She said, “Mastering these will ease everyday kitchen chores and help you tackle more advanced recipes.” It is a good article, including video techniques and accompanying recipes. The bad – when was the last time you made a roux at home or the last time you tempered cream or milk – like for a crème brûlée? Do you make it often enough for it to be called “everyday kitchen chores”?

There is nothing fundamentally wrong with Ms. Gold’s list but you know what’s coming. My Top 10 Techniques Every Cook Should Know about Continental Cuisine, à la David Letterman.

Number 10, Spatchcock

When asked my favorite meal to cook at home, I have to admit that it is a simple roasted chicken. “Spatchcock” or split roasting is my favorite way to cook a bird. The first references to “spatchcocking” appear in 18th-century Irish cookbooks. It’s been said that “spatchcock” is an abbreviation of “dispatch the cock.” In other words, to kill the chicken.

Spatchcock allows the bird to lie flat and cook evenly – no more overcooked breast and undercooked thigh – the bird is more or less uniformly dense and no part of the bird is closer to the eat source than any other part. You will need a strong kitchen scissors or shears to cut though the bird’s backbone. Place the chicken, breast-side-down, on a cutting board. Using the shears, cut away the backbone, flip over the bird and press down to flatten it. I then remove the breastbone and tuck the wing tips under the shoulder. See pictures of “spatchcock” at the Naked Whiz.

Number 9, Sautéing

According to The New Food Lover’s Companion, by Sharon Tyler Herbst, sauté “is to cook food quickly in a small amount of oil in a skillet or sauté pan over direct heat.” There are several keys to this technique. Heat a pan to a relatively high temperature, add a small amount of fat that should just cover the bottom of the pan and make sure the food to be cooked should be as dry as possible. Additionally, don’t over crowd the pan – the food should be in a single layer – to prevent the pan from cooling so the product will cook evenly.

Number 8, Dicing

The goal of dicing is to produce a cube shape so that the food will cook uniformly and of course look “nice”. The basic technique is the cut the product into slices, cut the slices into strips and then cut across the stack of strips to produce dice. Because onions come in layers, the basic technique takes a bit of a change. See a slideshow of chopping a onion from Jacques Pépin Celebrates!
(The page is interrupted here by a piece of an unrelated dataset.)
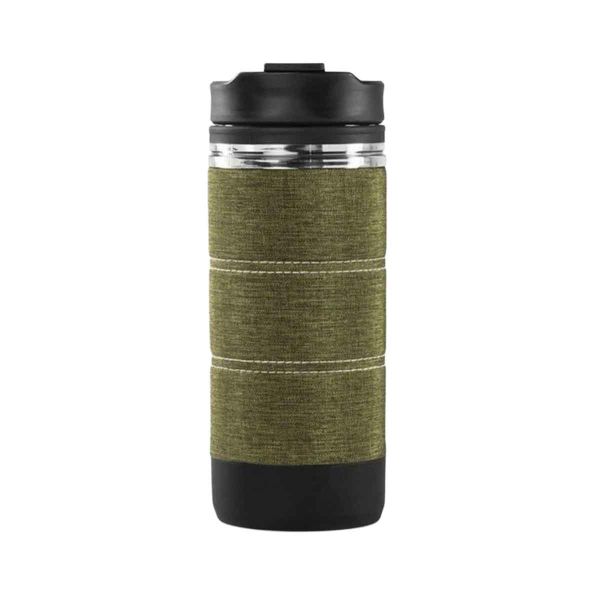 A sua construção em copoliéster sem BPA confere-lhe uma boa resistência aos impactos, adaptada às condições outdoor. A manga isolante em espuma EVA melhora a pegada e reduz a sensação de calor, enquanto a base antiderrapante garante maior estabilidade e encaixa na maioria dos porta-copos.

Number 7, Blanching Vegetables

The best instruction I know for blanching vegetables is Thomas Keller’s “Big Pot Blanching” from The French Laundry Cookbook. Basically, he said when blanching any green vegetable, not only is a large amount of boiling water necessary (so when food is added to the pot, the temperature of the water is not drastically lowered), but the water should “taste like the sea.” In other words, if you can drink it, it’s not salty enough. Vegetables cooked in heavily salted water, require little if any seasoning when served. It’s true. They taste so good, it’s almost like cheating.

Plunge the vegetables into the pot of boiling, salted water just until just cooked. After the vegetables are cooked put them into an ice bath (combination of water and ice). Leave them in the bath till they are cold and then drain well.

Number 6, Cooking Pasta

Yes, cooking pasta.

Just like “Big Pot Blanching”, start with a very large pot half filled with salted water. I don’t believe in adding oil or anything else to the water. Place the pot on high heat and allow it to come to a boil. When the water is boiling vigorously, add the pasta. Stir the pasta from time to time to make sure it doesn’t stick together. Each shape and type of pasta will take a different time to cook.
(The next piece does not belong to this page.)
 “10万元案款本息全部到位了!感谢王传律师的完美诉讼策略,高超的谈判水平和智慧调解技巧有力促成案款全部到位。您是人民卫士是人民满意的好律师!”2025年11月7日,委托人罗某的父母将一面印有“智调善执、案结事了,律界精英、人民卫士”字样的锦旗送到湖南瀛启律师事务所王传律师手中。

Check the pasta after about 5 to 6 minutes and test the pasta. Even though most poo poo me, I still enjoy the “throwing pasta against the wall” test but a more accurate method is to remove a single piece and bite it – if it is soft on the outside with a firm (but not crunchy) center, it is ready (al dente ). Reserve one cup of the cooking water to add to the sauce, the butter or oil. Strain the pasta but do not rinse it if you want the sauce to stick.

In Redux Part Two – #5 – #1, I’ll count down the remaining techniques. Watch out for a few twists and a few surprises.

Image credit: Tony Secker, www loriant.com.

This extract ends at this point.